8. Research Findings and Implications

This paper examines the matching of the XBRL elements in China’s newly promulgated Common Criteria for Enterprise Accounting Standards with the items disclosed in the financial statements of listed companies. In the process of matching, we found that the elements of the generic standard defined in XBRL differ excessively from those disclosed in the financial statements of listed companies. A possible reason is that they are defined in two completely different directions. For example, in the Note_Inventory element, companies disclose along the line of “in-process,” “inventory,” and “raw materials.” At the same time, the classification standard uses elements such as “opening balance of inventories,” “current increase in inventories,” and “current decrease in inventories.” This challenges the applicability of the elements defined in the common taxonomy to the enterprise.
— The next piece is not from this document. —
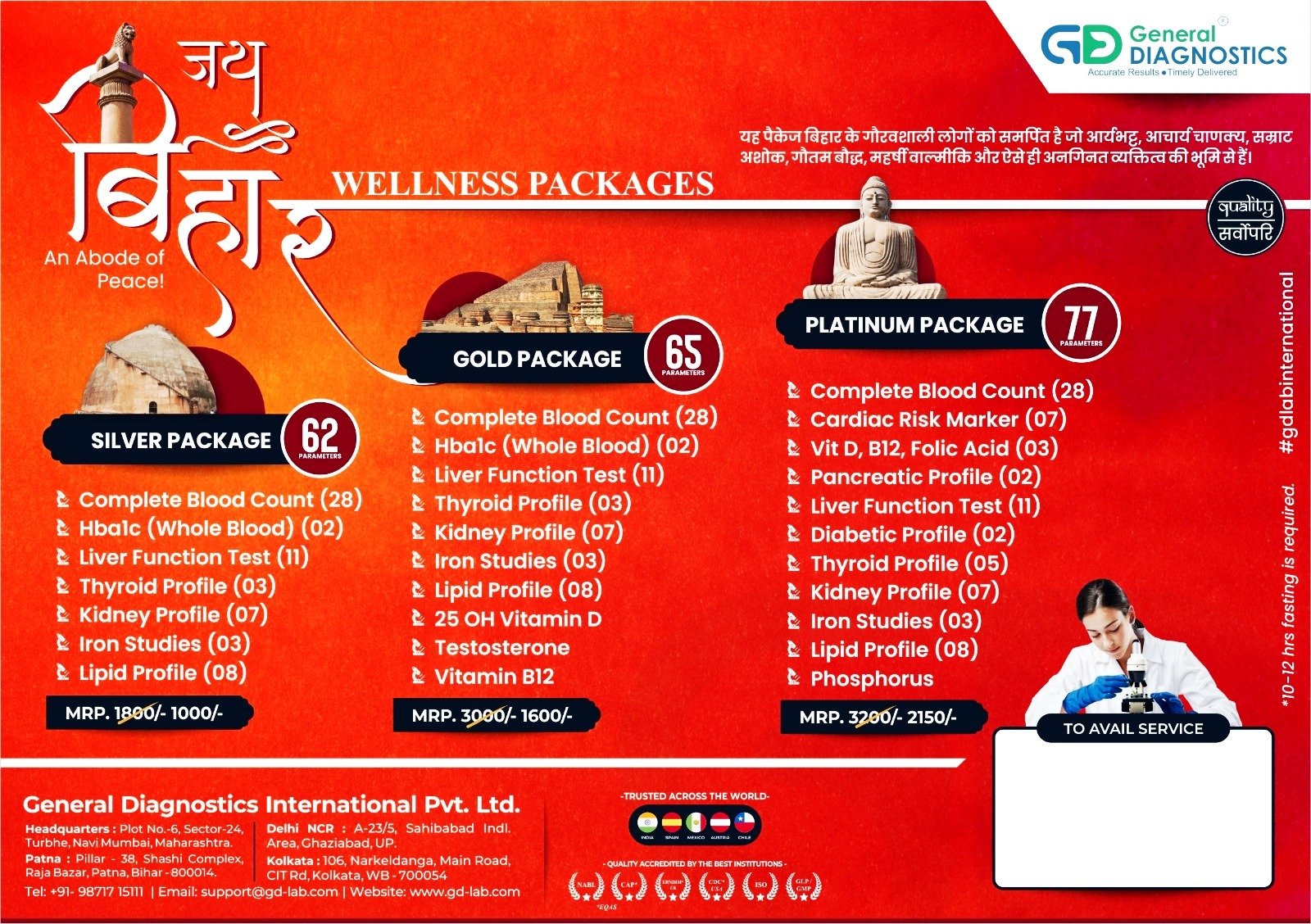 GD GENERAL DIAGNOSTICS in Darbhanga that offer various medical testing and imaging services to patients. These centers are equipped with modern equipment and staffed with skilled medical professionals. GD General DIAGNOSTICS is A Preventine Life Care Division Authorized Franchise Partner of Hi - Tech Diagnostic Darbhanga. GD GENERAL DIAGNOSTICS DARBHANGA provided blood tests, urine tests, X-rays, ultrasound, CT scans, MRI scans, and other specialized medical tests. we play a critical role in helping doctors diagnose and treat various medical conditions.

Our quantitative analysis of XBRL element usage shows that the XBRL common taxonomy elements contain elements that are not used by companies that account for approximately 19% of the total common taxonomy elements, suggesting redundancy of elements. At the same time, companies also disclose elements not defined in the XBRL taxonomy, suggesting there is a shortage of elements. Elements with a utilization rate of over 50% represent approximately 44% of the GCS elements, while around 35% of the elements are underutilized, and the rest are missing in corporate financial statements.

This paper examines the interoperability of elements, redundant, and missing elements. The study finds that the interoperability of listed companies’ disclosure elements fluctuates around 0.19 between enterprises in the same industry. The interoperability of elements at the interindustry level fluctuates more, at around 0.33, indicating that the interoperability of XBRL elements for financial reporting within industries is higher than interindustry interoperability. The matching rate between XBRL elements and financial statement elements is low. And there are problems such as incomplete, untimely, and insufficiently relevant disclosure of financial statement information, which leads to a decline in the comparability of data disclosed in an enterprise’s XBRL financial report, and the quality of financial statement disclosure, and users of financial statements. The information obtained by financial statement users is messy, exacerbating the information asymmetry between enterprises and external stakeholders.

The XBRL taxonomy should be revised to improve the disclosure of financial statements of listed companies by making timely deletions and additions in line with adjustments to accounting standards. The XBRL taxonomy should be revised following the adjustment of accounting standards. The solution to the financial statement level should be addressed from the underlying accounting logic, i.e., the element definition should stem from the financial statement level to the accounts level. Accounting and finance professionals should take additional training to understand the elements. In the era of big data, the road to data standardization is inevitable. The standardization and improvement of XBRL standards can promote the better development of accounting information systems. Regulators should further improve and develop more comprehensive and applicable XBRL element standards to improve the transparency of market information, create a good market environment, and facilitate effective communication between companies and stakeholders.

Data Availability

The dataset can be accessed upon request.

Conflicts of Interest

The authors declare that they have no conflicts of interest.

Acknowledgments

This work was supported by the Ministry of Education of China under the Project of Humanities and Social Sciences Start-up fund (Project No. 20YJC790118) and the National Natural Science Foundation of China Youth Program (71903025).